Without including pictures, set down every record exactly as it stands.

> **RECORDED INFORMATION**:
== Segment start ==

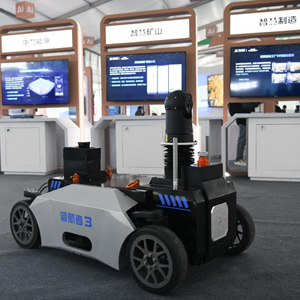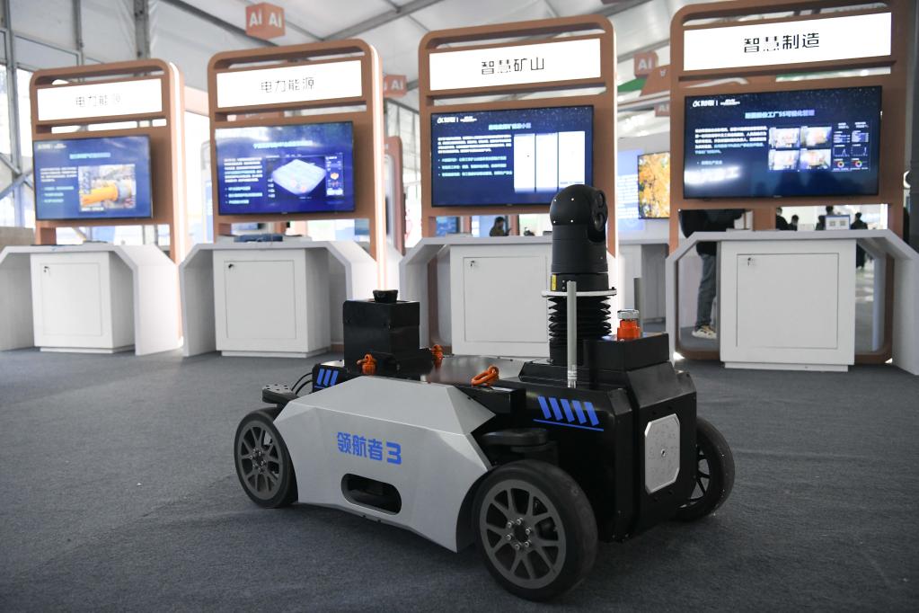 这是第五届世界声博会展出的轮式防爆巡检机器人(11月17日摄)。新华社记者 张端 摄
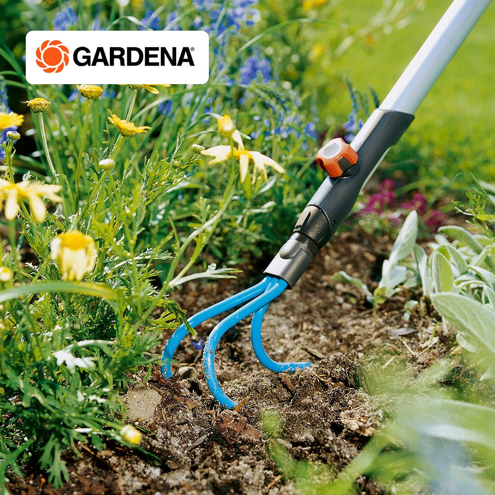 The GARDENA combisystem Grubber has three sturdy prongs optimally suited for loosening and aerating soil while sparing roots. The Grubber has a working width of 9 cm and is best-suited for also stony ground and close-set plants. The product is suitable for all GARDENA combisystem handles, whereby GARDENA recommends a handle length of 130 cm, depending on body height.
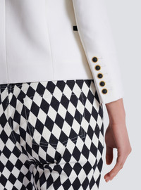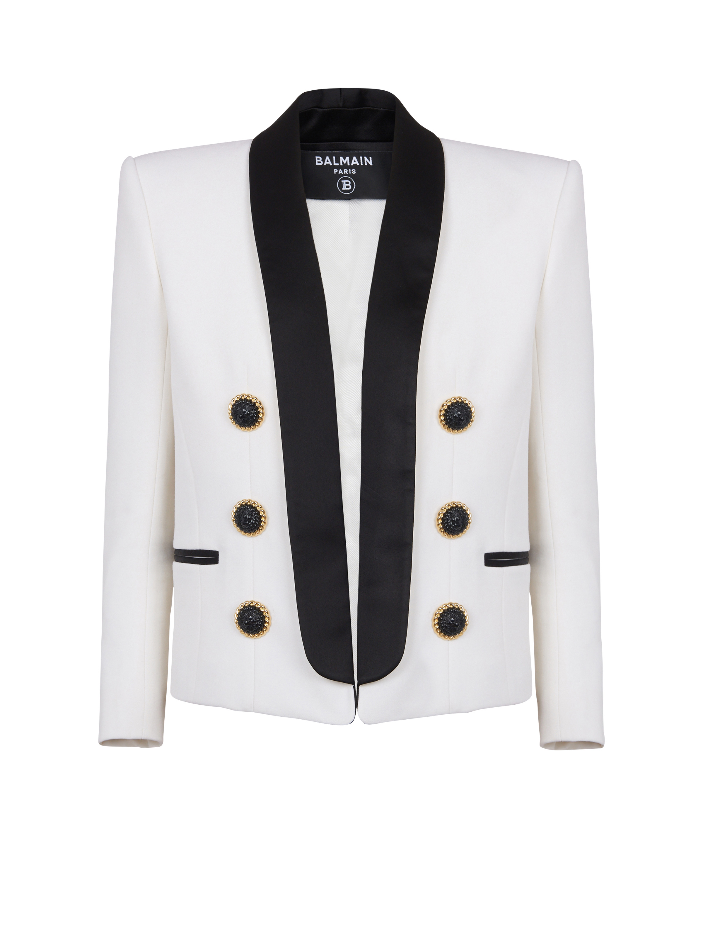 Two-tone edge-to-edge jacket with 6 buttons - Cropped fitted cut - Structured shoulders - Shawl collar with contrasting satin lapels - Long sleeves - Straight cuffs with 5 buttons - 6 decorative buttons on the front - Two-tone "Double Chain Lion" buttons in gold and black metal - 2 contrasting welt side pockets - Grain de poudre fabric - Twill lining - Model measures 178cm and wears a size 36 - Main material: 100% wool - Made in Slovakia - Item: DF1SI532ME54100% of the wool fibres used to make this garment are sourced from sheep farms that are certified and animal welfare-friendly
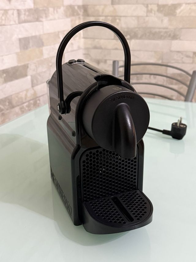 Dettagli del prodottoMacchina da caffè Nespresso del marchio DeLonghi in colore nero. Design compatto ed elegante. Maniglia superiore per facilitare il trasporto. Vassoio raccogli gocce estraibile. Utilizzo molto limitato. La descrizione è stata tradotta automaticamente.Misure del prodotto
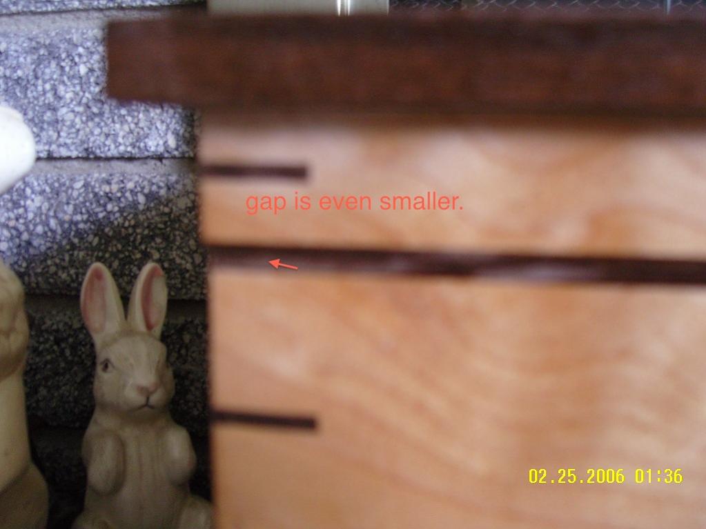 You will see in the last picture the gap at one end can hold a credit card and DL. the flash light show the gad as well. The other side is tight. The picture with the credit card and flash light showing the chipped wedge sill is a major concern I have and could be minor to other. Point is I paid a lot of money to have a custom humidor to be made. I could shave gone with something else for around the same price and not had a problem. If I did the company would have taken it back and replaced with a good unit.
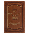 The 101 Devotions for Men Tawny Brown Faux Leather Devotional features 101 powerful devotions and supporting Scripture verses to inspire men to rely on God's strength and stand firm on the truth of His Word.
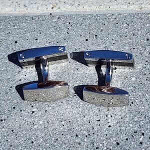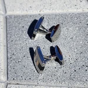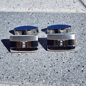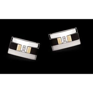 VTG: Elevate your style with these impeccable rectangle two diamond accent, 18kt yellow gold, titanium, onyx & polished/satin finish stainless steel cufflinks. The must have accessory for any fashion-forward man, these cufflinks boast a sleek design with a touch of opulence. Crafted with high-quality materials, these cufflinks are sure to last for years to come, making them an investment worth making. Perfect for any occasion, they add a personal touch of dashing sophistication.

== Segment end ==

> **RESULT**:
 这是第五届世界声博会展出的轮式防爆巡检机器人(11月17日摄)。新华社记者 张端 摄
 The GARDENA combisystem Grubber has three sturdy prongs optimally suited for loosening and aerating soil while sparing roots. The Grubber has a working width of 9 cm and is best-suited for also stony ground and close-set plants. The product is suitable for all GARDENA combisystem handles, whereby GARDENA recommends a handle length of 130 cm, depending on body height.
 Two-tone edge-to-edge jacket with 6 buttons - Cropped fitted cut - Structured shoulders - Shawl collar with contrasting satin lapels - Long sleeves - Straight cuffs with 5 buttons - 6 decorative buttons on the front - Two-tone "Double Chain Lion" buttons in gold and black metal - 2 contrasting welt side pockets - Grain de poudre fabric - Twill lining - Model measures 178cm and wears a size 36 - Main material: 100% wool - Made in Slovakia - Item: DF1SI532ME54100% of the wool fibres used to make this garment are sourced from sheep farms that are certified and animal welfare-friendly
 Dettagli del prodottoMacchina da caffè Nespresso del marchio DeLonghi in colore nero. Design compatto ed elegante. Maniglia superiore per facilitare il trasporto. Vassoio raccogli gocce estraibile. Utilizzo molto limitato. La descrizione è stata tradotta automaticamente.Misure del prodotto
 You will see in the last picture the gap at one end can hold a credit card and DL. the flash light show the gad as well. The other side is tight. The picture with the credit card and flash light showing the chipped wedge sill is a major concern I have and could be minor to other. Point is I paid a lot of money to have a custom humidor to be made. I could shave gone with something else for around the same price and not had a problem. If I did the company would have taken it back and replaced with a good unit.
 The 101 Devotions for Men Tawny Brown Faux Leather Devotional features 101 powerful devotions and supporting Scripture verses to inspire men to rely on God's strength and stand firm on the truth of His Word.
 VTG: Elevate your style with these impeccable rectangle two diamond accent, 18kt yellow gold, titanium, onyx & polished/satin finish stainless steel cufflinks. The must have accessory for any fashion-forward man, these cufflinks boast a sleek design with a touch of opulence. Crafted with high-quality materials, these cufflinks are sure to last for years to come, making them an investment worth making. Perfect for any occasion, they add a personal touch of dashing sophistication.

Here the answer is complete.